REQUIRED ACTION
Your answer must be an exact transcription of every record below, with the pictures omitted.
——
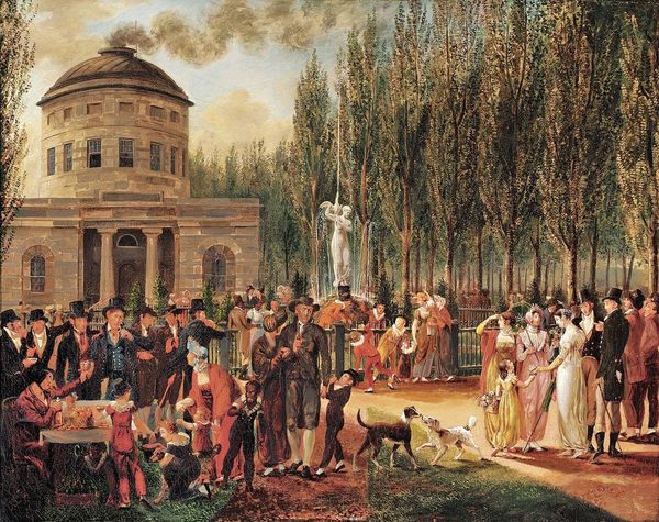 Curator: What strikes me immediately is the theatricality. Editor: Indeed. We're looking at Jean Leon Gerome Ferris's "General Washington at Christ Church, Easter Sunday, 1795," painted in 1908. It's a carefully staged history painting, rendered in oil paint, designed to evoke a specific narrative. Curator: The composition reinforces that narrative, doesn't it? Washington is the clear focal point, illuminated against the backdrop of the church. His figure occupies a central position in a pyramidal shape created by the other figures who flank and turn to him, leading the eye directly to him, underscoring his significance and emphasizing ideal leadership. Editor: Quite. And what intrigues me are the implied details of the work’s commission, its likely consumption via mass reproduction. The original may appear singular, but its impact depended on the material processes that replicated and distributed its message about civic virtue. Note, for example, how everyone's garments denote meticulous labor. Curator: I concede that, from a symbolic perspective, the garments and presentation do help craft the illusion of the time. What I can't move past, however, are the contrasting surfaces and textures that build a pictorial depth and lend this painting much of its allure. Observe how the horses pull this ornate gilded stage behind them. This painting could simply serve to immortalize General Washington as an upstanding individual for years to come. Editor: The sheen of the carriage does hint at a kind of nationalistic project through depictions of labor, wouldn't you agree? The artisan's craft is here juxtaposed with the more painterly strokes of trees that stand behind. There are subtle gradations of tone. One can wonder whether or not such detailing might serve to sanctify early America's more elite citizens to the exclusion of the many who remained poor during this era? Curator: A compelling idea! This approach casts "General Washington at Christ Church" in a dramatically different light than, say, one that dwells on the symbolic potential of the figures, architectural planes, or interplay between light and shadow alone. Editor: Indeed, a study of the painting's making draws focus to the ways history can often serve a certain narrative or ideal for future generations.
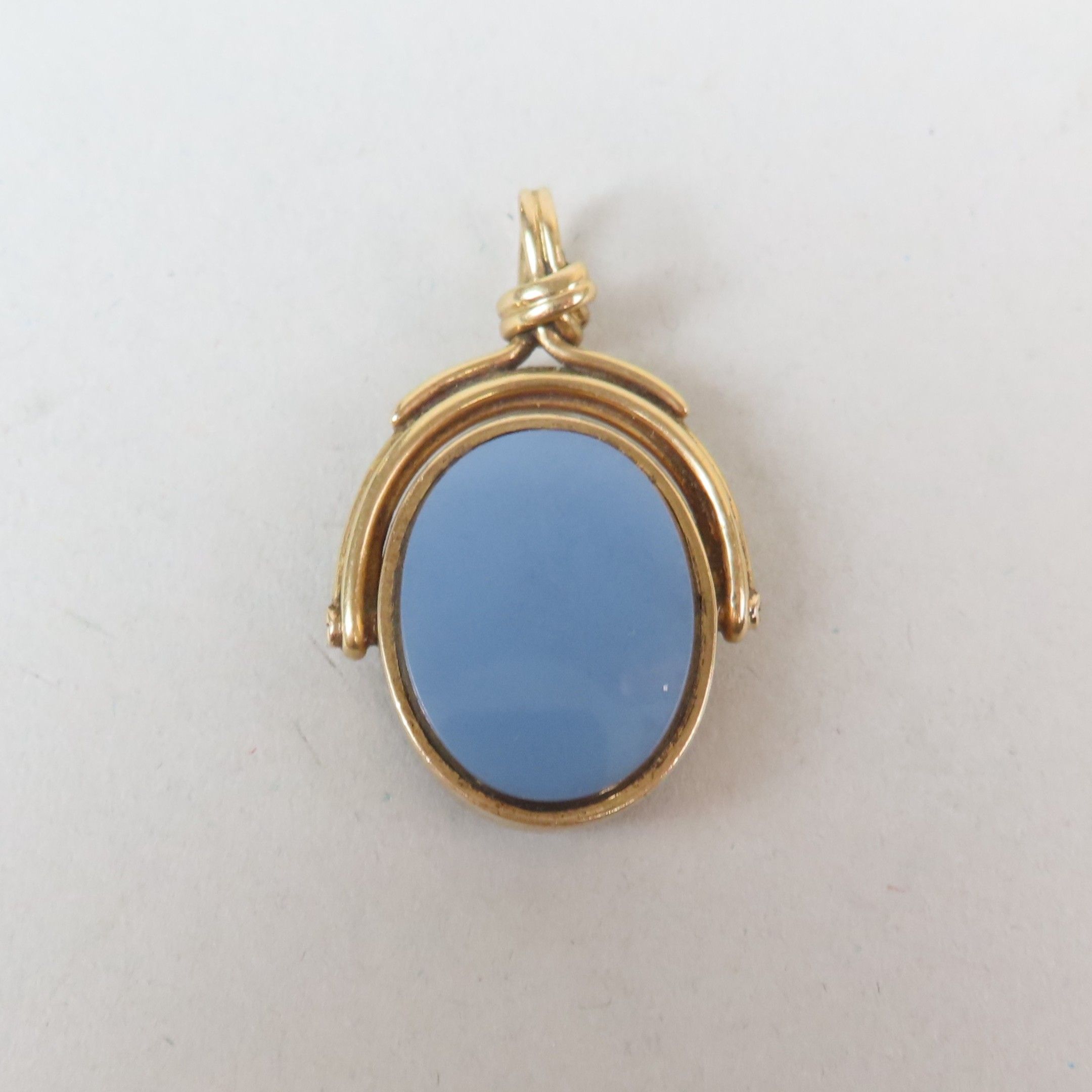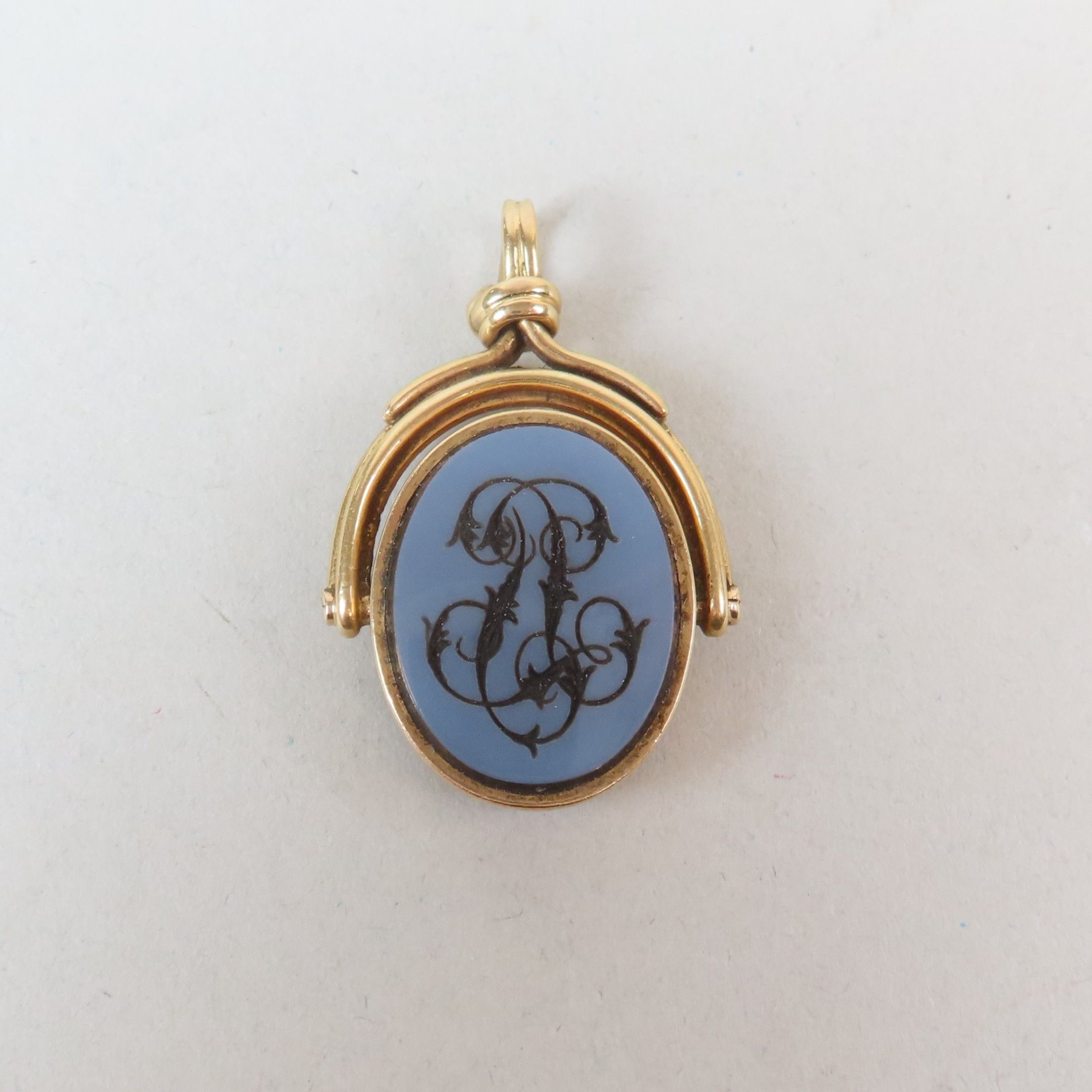 Reunion of two buttons, a fragment of an earring and a pendant with a monogrammed intaglio (height = 34 mm), in yellow gold (750/00). Gross weight = 11.2 g.
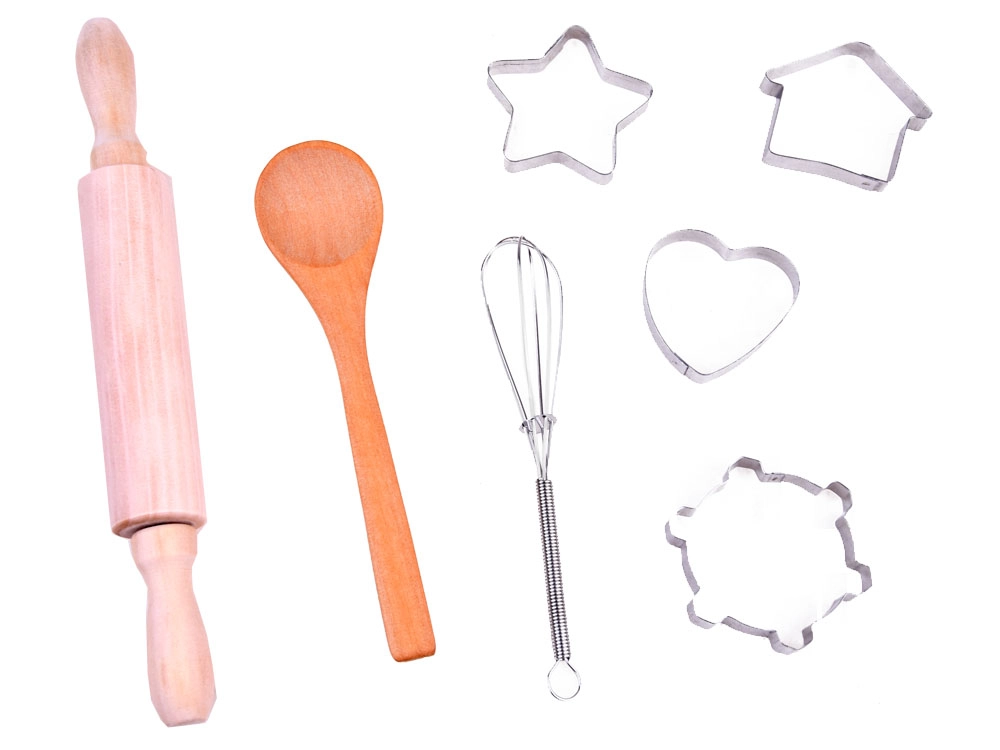 Koka mīklas rullis un karote, metāla putojamā slotiņa un 4 metāla cepumu formiņas (sirds, zvaigzne, zieds u.c.) mīklas veidošanai un sagatavošanai.
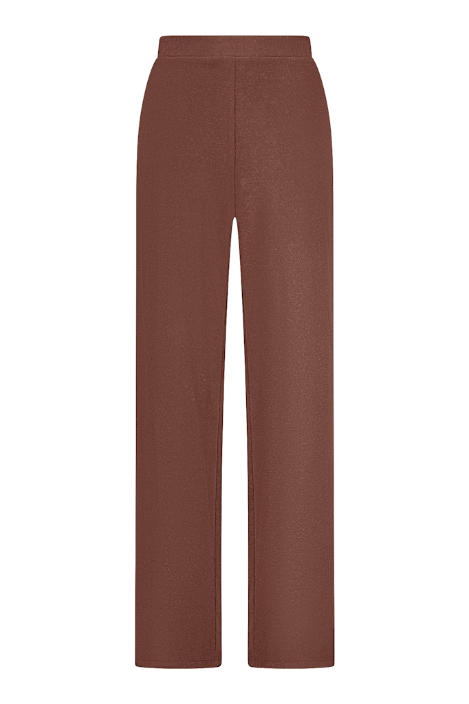 Broek van Label Dot voorzien van lurex draadje met wijde pijpen, steekzakken en een elastische tailleband aan de achterzijde.
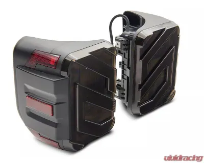 Add a futuristic new look to your 2020-2023 JT Gladiator with a pair of Smoked Raxiom Axial Series LED Tail Lights. Featuring high powered LEDs, these Tail Lights will make an impactful statement to the exterior appearance of your Gladiator. Whether your JT is your daily driver or your weekend toy, these Raxiom Axial Series LED Tail Lights will be sure to set your Jeep apart from all the rest.Manufactured from OEM grade materials, these Raxiom Axial Series LED Tail Lights are assembled to precise standards for long-lasting quality. Featuring durable black ABS plastic housings with smoked polycarbonate lenses, these Tail Lights employee super bright LEDs for use as brake, turn signal, running and reverse lights. Each housing is weather-sealed to prevent dirt and moisture from harming the state of the art electronics found inside.These Raxiom Axial Series LED Tail Lights were designed to be a direct plug and play replacement for your JT's original factory housings. There is no cutting or modifications required for a clean straight forward install. Installation can be completed in about an hour with just basic hand tools. Please note that you must transfer OEM mounting posts and screw clips over from your original factory tail lights.
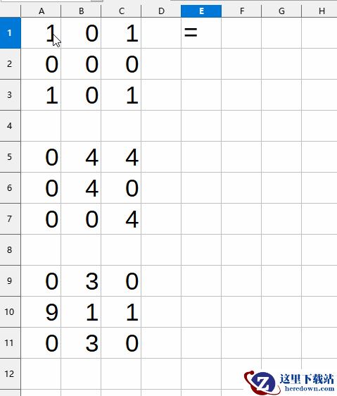 第1部分,给可交互的方块标1,其余标0。可交互方块下面是紫色。
——
RESPONSE TO THIS TASK
 Curator: What strikes me immediately is the theatricality. Editor: Indeed. We're looking at Jean Leon Gerome Ferris's "General Washington at Christ Church, Easter Sunday, 1795," painted in 1908. It's a carefully staged history painting, rendered in oil paint, designed to evoke a specific narrative. Curator: The composition reinforces that narrative, doesn't it? Washington is the clear focal point, illuminated against the backdrop of the church. His figure occupies a central position in a pyramidal shape created by the other figures who flank and turn to him, leading the eye directly to him, underscoring his significance and emphasizing ideal leadership. Editor: Quite. And what intrigues me are the implied details of the work’s commission, its likely consumption via mass reproduction. The original may appear singular, but its impact depended on the material processes that replicated and distributed its message about civic virtue. Note, for example, how everyone's garments denote meticulous labor. Curator: I concede that, from a symbolic perspective, the garments and presentation do help craft the illusion of the time. What I can't move past, however, are the contrasting surfaces and textures that build a pictorial depth and lend this painting much of its allure. Observe how the horses pull this ornate gilded stage behind them. This painting could simply serve to immortalize General Washington as an upstanding individual for years to come. Editor: The sheen of the carriage does hint at a kind of nationalistic project through depictions of labor, wouldn't you agree? The artisan's craft is here juxtaposed with the more painterly strokes of trees that stand behind. There are subtle gradations of tone. One can wonder whether or not such detailing might serve to sanctify early America's more elite citizens to the exclusion of the many who remained poor during this era? Curator: A compelling idea! This approach casts "General Washington at Christ Church" in a dramatically different light than, say, one that dwells on the symbolic potential of the figures, architectural planes, or interplay between light and shadow alone. Editor: Indeed, a study of the painting's making draws focus to the ways history can often serve a certain narrative or ideal for future generations.
 Reunion of two buttons, a fragment of an earring and a pendant with a monogrammed intaglio (height = 34 mm), in yellow gold (750/00). Gross weight = 11.2 g.
 Koka mīklas rullis un karote, metāla putojamā slotiņa un 4 metāla cepumu formiņas (sirds, zvaigzne, zieds u.c.) mīklas veidošanai un sagatavošanai.
 Broek van Label Dot voorzien van lurex draadje met wijde pijpen, steekzakken en een elastische tailleband aan de achterzijde.
 Add a futuristic new look to your 2020-2023 JT Gladiator with a pair of Smoked Raxiom Axial Series LED Tail Lights. Featuring high powered LEDs, these Tail Lights will make an impactful statement to the exterior appearance of your Gladiator. Whether your JT is your daily driver or your weekend toy, these Raxiom Axial Series LED Tail Lights will be sure to set your Jeep apart from all the rest.Manufactured from OEM grade materials, these Raxiom Axial Series LED Tail Lights are assembled to precise standards for long-lasting quality. Featuring durable black ABS plastic housings with smoked polycarbonate lenses, these Tail Lights employee super bright LEDs for use as brake, turn signal, running and reverse lights. Each housing is weather-sealed to prevent dirt and moisture from harming the state of the art electronics found inside.These Raxiom Axial Series LED Tail Lights were designed to be a direct plug and play replacement for your JT's original factory housings. There is no cutting or modifications required for a clean straight forward install. Installation can be completed in about an hour with just basic hand tools. Please note that you must transfer OEM mounting posts and screw clips over from your original factory tail lights.
 第1部分,给可交互的方块标1,其余标0。可交互方块下面是紫色。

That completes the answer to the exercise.